None of those attacks can wound but straken's, because IG are s3, s4 only with furious charge which STILL doesn't enable them to wound the nightbringer (nor the deceiver either, I think.) Characters who *can* (not probably, but better than straken's odds) off the nightbringer - typhus, abaddon, ahriman (gift of chaos) kharn, fabious bile (is strength 5, inflicts instant death, no power weapon = no biggie when only an invul save is there), Calgar, Lysander, and maybe a couple of others but no librarian from the SM codex can off the C'tan via force weapon. Typhus, however, can pwn any C'tan.


----------



## Lord_Murdock (Jul 16, 2008)

A command squad has 4 models, + 5 for all the advisors = 9 wounds, not including straken.

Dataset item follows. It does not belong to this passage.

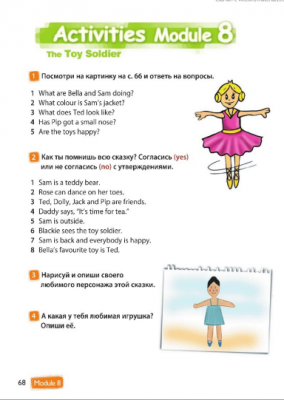 В начале каждого раздела УМК «Spotlight 2, 3, 4» обучающиеся знакомятся с новой историей из жизни главных героев учебника и их питомца – обезьянки. Забота и внимание к питомцу героев является хорошим примером для подражания.

It seems I was mistaken with the C'Tan's toughness... I thought it was 7. So on a 5 Straken could wound one... Ya, that just makes it even less likely that he'd do anything.


----------



## killmaimburn (Mar 19, 2008)

Lord_Murdock said:


> A command squad has 4 models, + 5 for all the advisors = 9 wounds, not including straken.
> 
> It seems I was mistaken with the C'Tan's toughness... I thought it was 7. So on a 5 Straken could wound one... Ya, that just makes it even less likely that he'd do anything.


The toughness is 8...so straken would need a 6.


----------